Why USENET?? - Introduction and Help

Dave Kristofferson kristoff at GENBANK.BIO.NET
Thu May 2 18:37:32 EST 1991

I am passing along a copy of this important information about how to
get on USENET since the discussion originated on this group although
this question was posted to GENBANK-BB/bionet.molbio.genbank.  For
those of you pondering this move and/or who wonder why I get so
excited about this stuff, perhaps the following will clarify things

Dave Kristofferson

> Fellow bboard readers-
> 	I have been reading the recent outpouring of mail regarding the
> establishment of USENET systems for everyone and the abolishing of e-mail
> access to the genbank bulletin boards.....

The great majority of the mail that I have received so far is firmly
against any early abolition of e-mail, and, as I mentioned earlier on
BIONEWS/bionet.general, no such change is planned for the near term.

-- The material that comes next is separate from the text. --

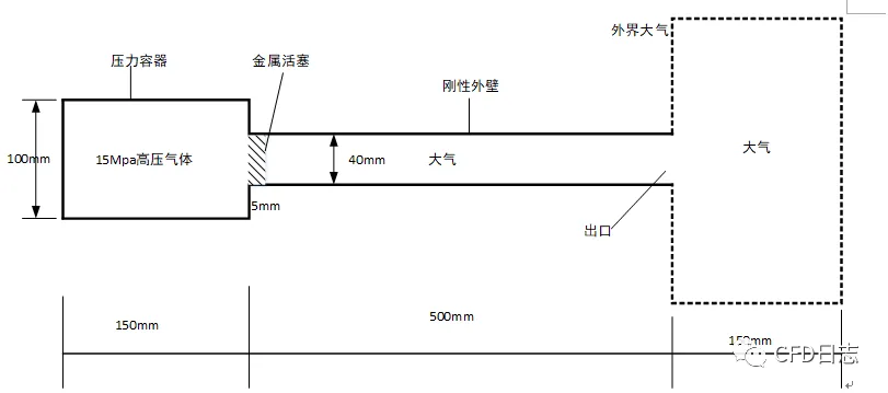 The high-pressure gas inside the pressure vessel has a pressure of 15 MPa. The gas pushes a metal piston (with a width of 5 mm) to move within a rigid pipe, from the outlet to the surrounding atmosphere.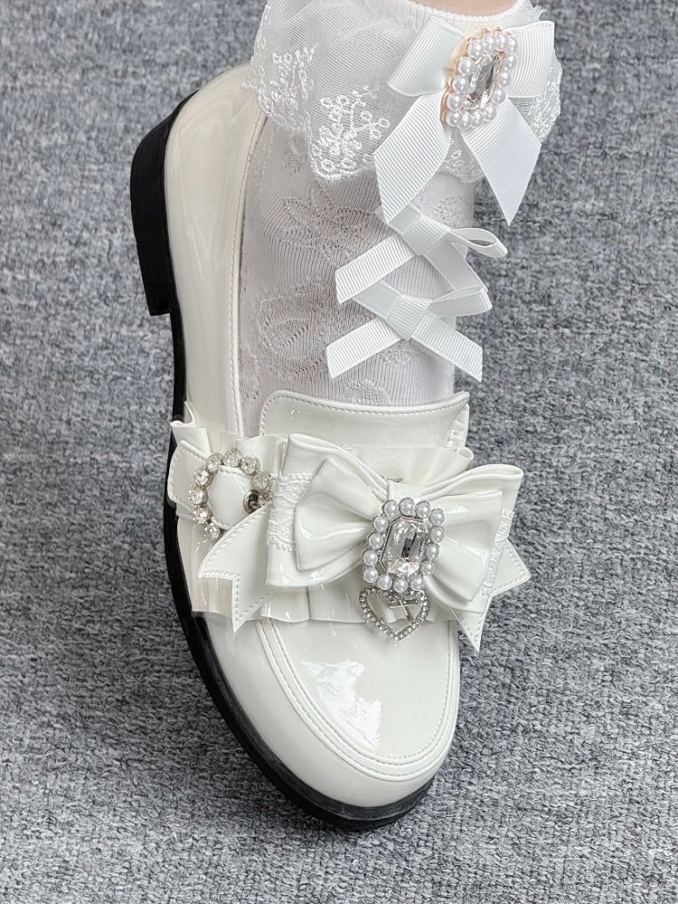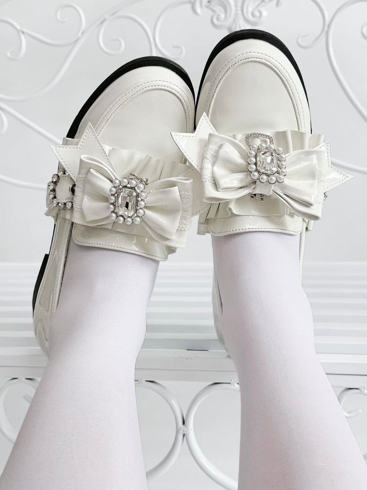 PU Leather Polished White Jirai Kei Low Heels with Rhinestone Bead Bow, Ruffles Edging & Slip-On Comfort

> 	I wrote to my system manager and mentioned that there was a problem
> with several of my bboard subscriptions and inquired about switching to a
> USENET system.....in response he asked for details which I am unable to
> provide so I thought I would ask for your assistance in providing the following
> information regarding USENET systems vs. e-mail access:

I applaud your initiative and will attempt to help out below.

> 	1. What is the nature of the problem that individual USENET systems
> 	would solve (presumably something about the e-mail system causes
> 	the problem)?

As long as we have e-mail distribution and unmoderated newsgroups the
chance will remain that someone will misconfigure something somewhere
on the network and create a mailing loop.  If the loop occurs over a
high speed network (which is about the only reason that I've seen to
be thankful here for the slowness of BITNET - this latest round took
about **10 hours** per revolution - zzzzzzzz) the prospect remains
open that all of your mail boxes could start filling up with multiple
copies of the same message on essentially a "real-time" scale.  As
long as people are comfortable with this prospect and won't get bent
tremendously out of shape if it ever happens {right ... (-8 I've got a
bridge to sell you too!} then we have no problem continuing to provide
you with this kind of service.  The only way such a loop would be
stopped would be if one of our alert BIOSCI managers detected it and
changed the distribution list at our nodes to break the loop.  Having
all of the mailing lists at one site means that the loop could be
stopped much more efficiently than if one needs to coordinate actions
between different people in different time zones.  USENET software
automatically monitors which messages have been received and
dramatically reduces the chance of such problems occurring.  If we did
not have BIOSCI mailing lists running in parallel with the bionet
USENET lists we wouldn't have these occasional disruptions.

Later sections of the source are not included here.